Task requirements ▸
Below is a listing; retype exactly the lines between the one containing "The case on" and the one containing "Cadena Chinesca 45cm", inclusive, minus the pictures.

Dataset records ▸
-- Opening Marker --
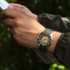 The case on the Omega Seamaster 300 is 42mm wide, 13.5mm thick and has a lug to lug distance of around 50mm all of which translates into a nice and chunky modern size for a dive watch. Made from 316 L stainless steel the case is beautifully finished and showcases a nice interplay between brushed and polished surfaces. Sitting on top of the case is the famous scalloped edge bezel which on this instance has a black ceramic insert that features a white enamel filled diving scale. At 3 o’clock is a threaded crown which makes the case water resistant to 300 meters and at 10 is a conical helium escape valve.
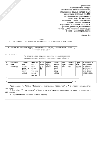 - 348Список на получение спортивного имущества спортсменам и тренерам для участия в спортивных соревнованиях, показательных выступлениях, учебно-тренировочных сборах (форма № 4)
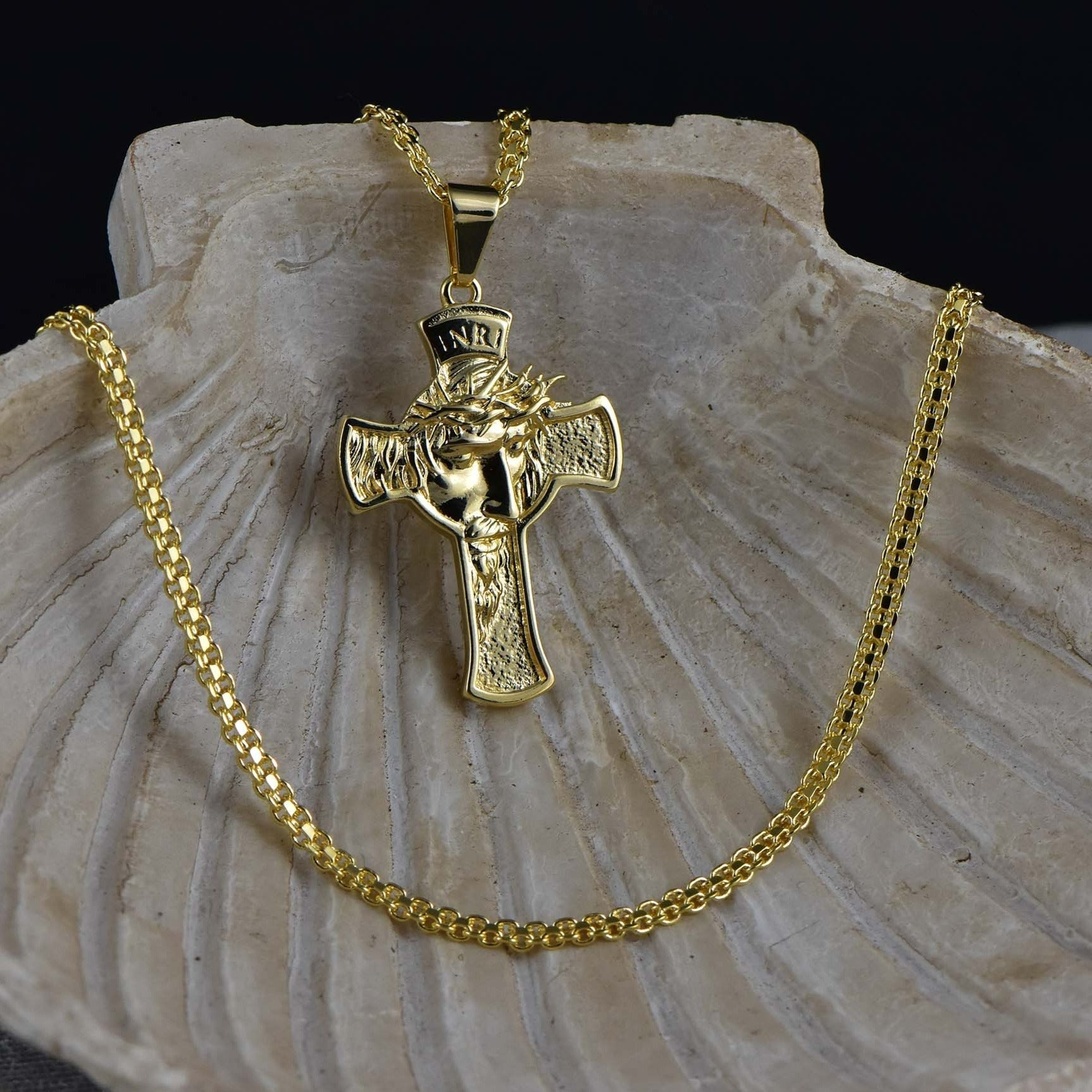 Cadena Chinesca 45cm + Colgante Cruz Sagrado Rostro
-- Closing Marker --
-- Opening Marker --
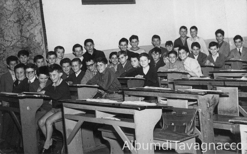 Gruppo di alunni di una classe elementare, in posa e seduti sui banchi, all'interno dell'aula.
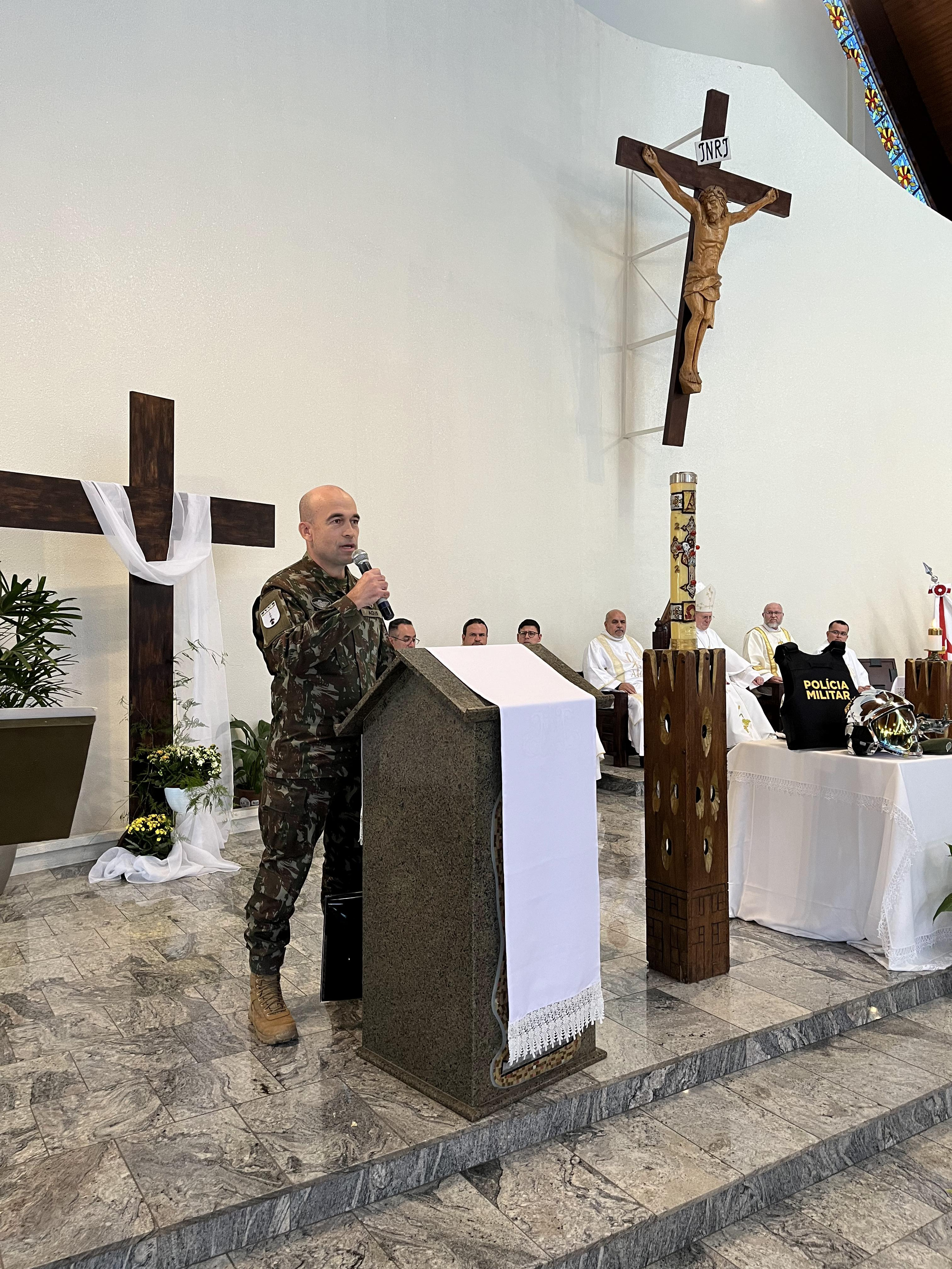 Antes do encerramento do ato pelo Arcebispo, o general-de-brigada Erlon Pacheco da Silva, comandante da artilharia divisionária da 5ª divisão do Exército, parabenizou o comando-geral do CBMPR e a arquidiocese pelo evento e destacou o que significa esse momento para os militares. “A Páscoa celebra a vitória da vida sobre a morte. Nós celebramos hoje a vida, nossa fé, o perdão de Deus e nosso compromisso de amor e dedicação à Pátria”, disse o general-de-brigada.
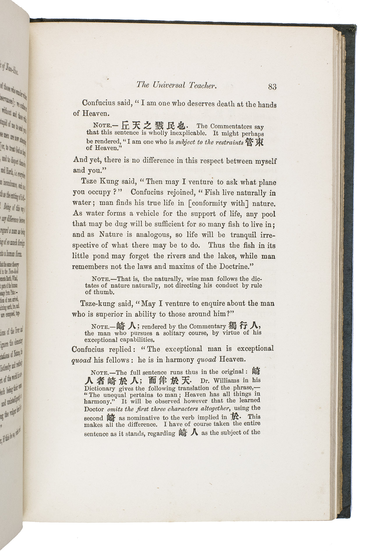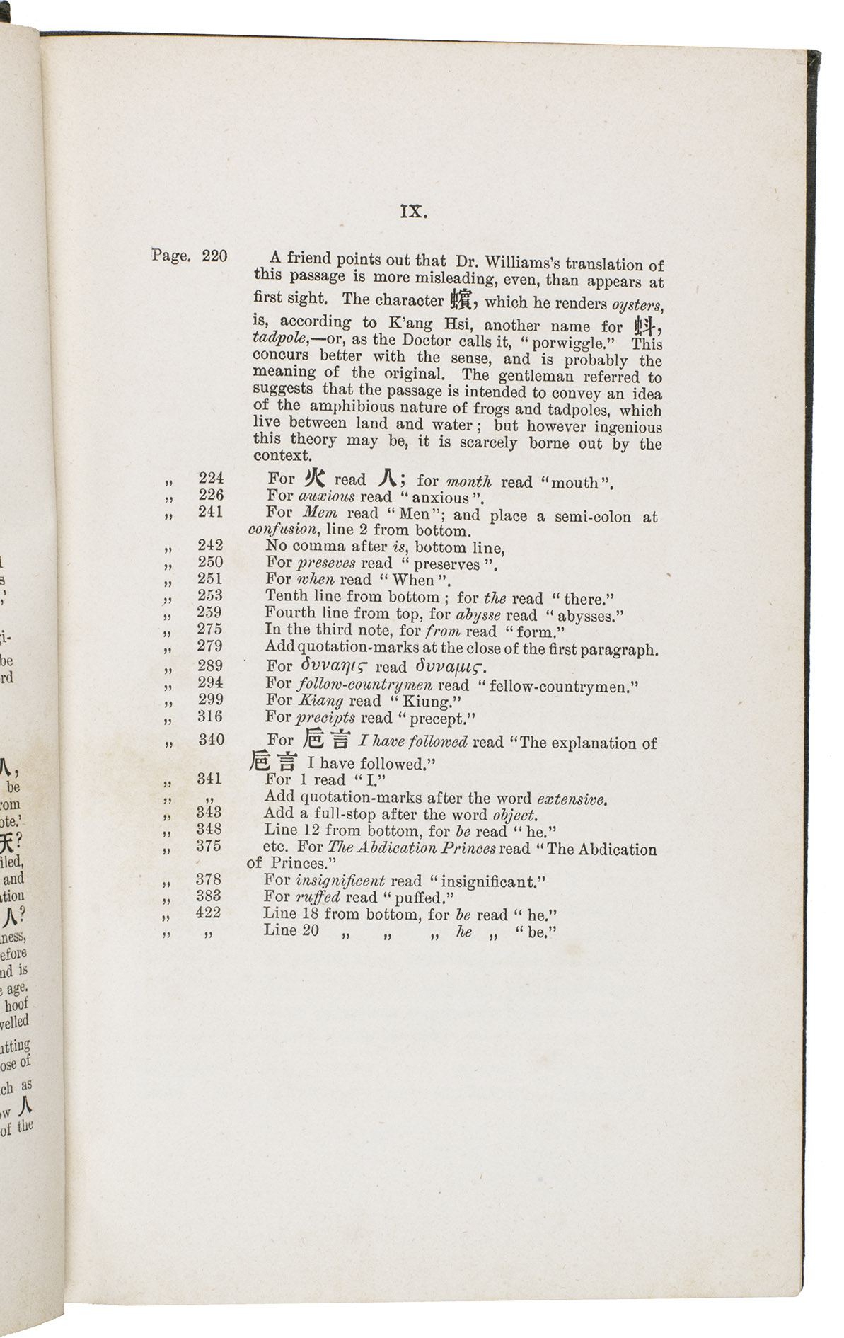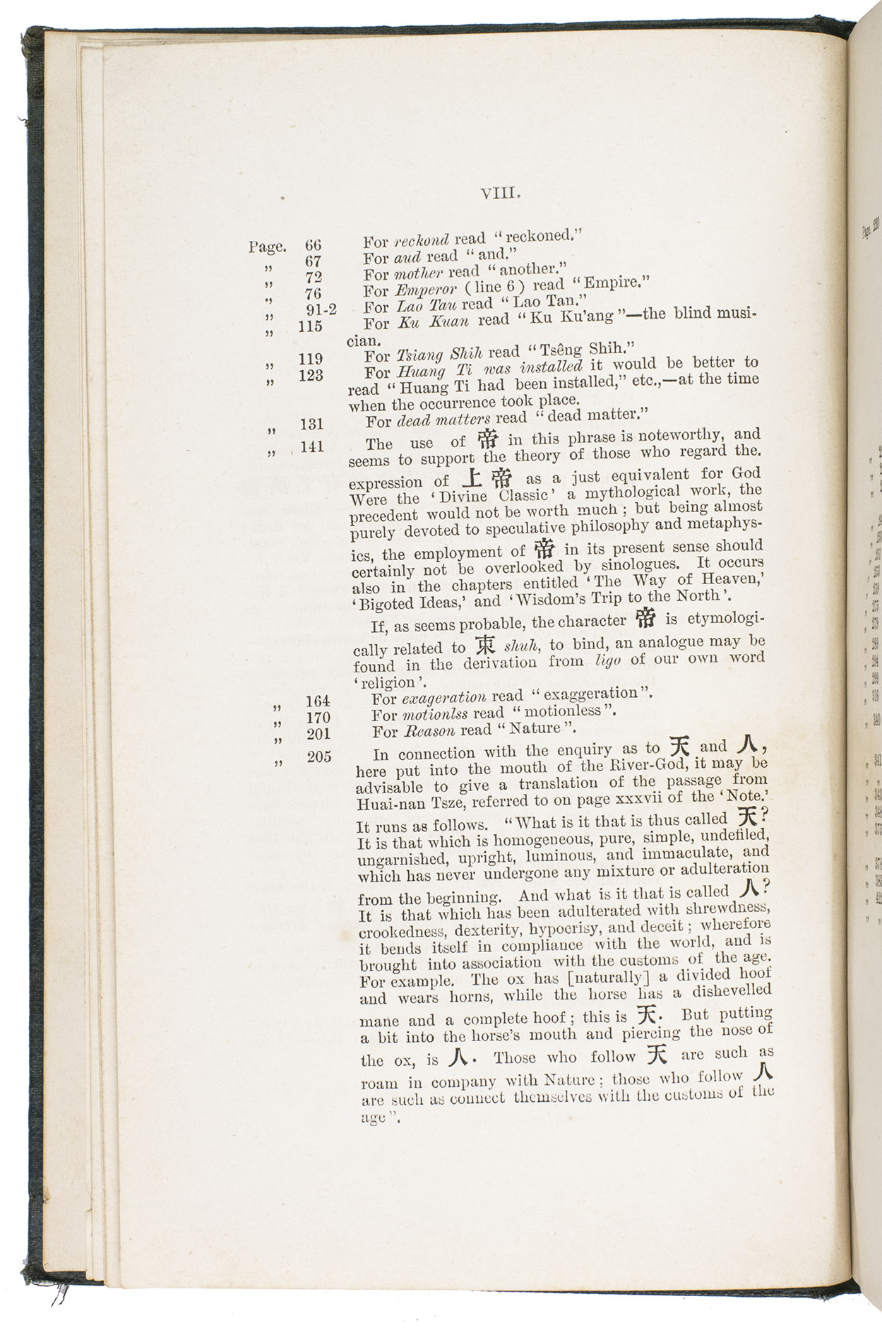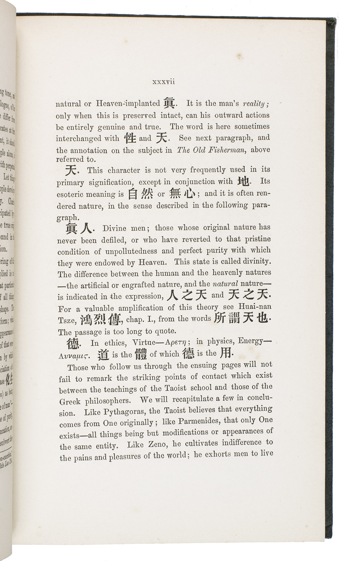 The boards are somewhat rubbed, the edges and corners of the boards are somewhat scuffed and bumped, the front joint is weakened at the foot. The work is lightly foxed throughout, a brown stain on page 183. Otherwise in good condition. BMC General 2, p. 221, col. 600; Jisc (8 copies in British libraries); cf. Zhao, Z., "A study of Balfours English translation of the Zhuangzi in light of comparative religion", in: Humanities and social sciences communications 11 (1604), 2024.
-- Closing Marker --
-- Opening Marker --
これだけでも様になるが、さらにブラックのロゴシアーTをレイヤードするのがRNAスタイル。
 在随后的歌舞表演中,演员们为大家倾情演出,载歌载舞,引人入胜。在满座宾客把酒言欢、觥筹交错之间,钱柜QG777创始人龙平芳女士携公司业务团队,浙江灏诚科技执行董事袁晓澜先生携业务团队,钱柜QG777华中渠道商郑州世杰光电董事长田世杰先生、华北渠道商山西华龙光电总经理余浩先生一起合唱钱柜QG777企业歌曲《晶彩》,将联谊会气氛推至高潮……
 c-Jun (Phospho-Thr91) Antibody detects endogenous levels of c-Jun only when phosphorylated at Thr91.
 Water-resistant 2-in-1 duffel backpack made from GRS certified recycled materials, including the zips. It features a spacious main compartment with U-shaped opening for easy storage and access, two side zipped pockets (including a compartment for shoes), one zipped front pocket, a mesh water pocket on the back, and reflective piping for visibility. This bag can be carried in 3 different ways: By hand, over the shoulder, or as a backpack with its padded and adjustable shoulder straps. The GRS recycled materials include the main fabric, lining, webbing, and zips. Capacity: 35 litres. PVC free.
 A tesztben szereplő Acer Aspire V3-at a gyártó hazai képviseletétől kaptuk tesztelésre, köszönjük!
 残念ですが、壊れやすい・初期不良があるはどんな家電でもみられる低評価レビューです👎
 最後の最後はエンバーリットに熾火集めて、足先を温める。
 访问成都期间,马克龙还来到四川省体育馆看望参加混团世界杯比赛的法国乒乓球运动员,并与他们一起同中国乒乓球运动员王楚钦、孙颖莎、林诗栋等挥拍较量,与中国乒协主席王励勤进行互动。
-- Closing Marker --
Output ▸
 The case on the Omega Seamaster 300 is 42mm wide, 13.5mm thick and has a lug to lug distance of around 50mm all of which translates into a nice and chunky modern size for a dive watch. Made from 316 L stainless steel the case is beautifully finished and showcases a nice interplay between brushed and polished surfaces. Sitting on top of the case is the famous scalloped edge bezel which on this instance has a black ceramic insert that features a white enamel filled diving scale. At 3 o’clock is a threaded crown which makes the case water resistant to 300 meters and at 10 is a conical helium escape valve.
 - 348Список на получение спортивного имущества спортсменам и тренерам для участия в спортивных соревнованиях, показательных выступлениях, учебно-тренировочных сборах (форма № 4)
 Cadena Chinesca 45cm + Colgante Cruz Sagrado Rostro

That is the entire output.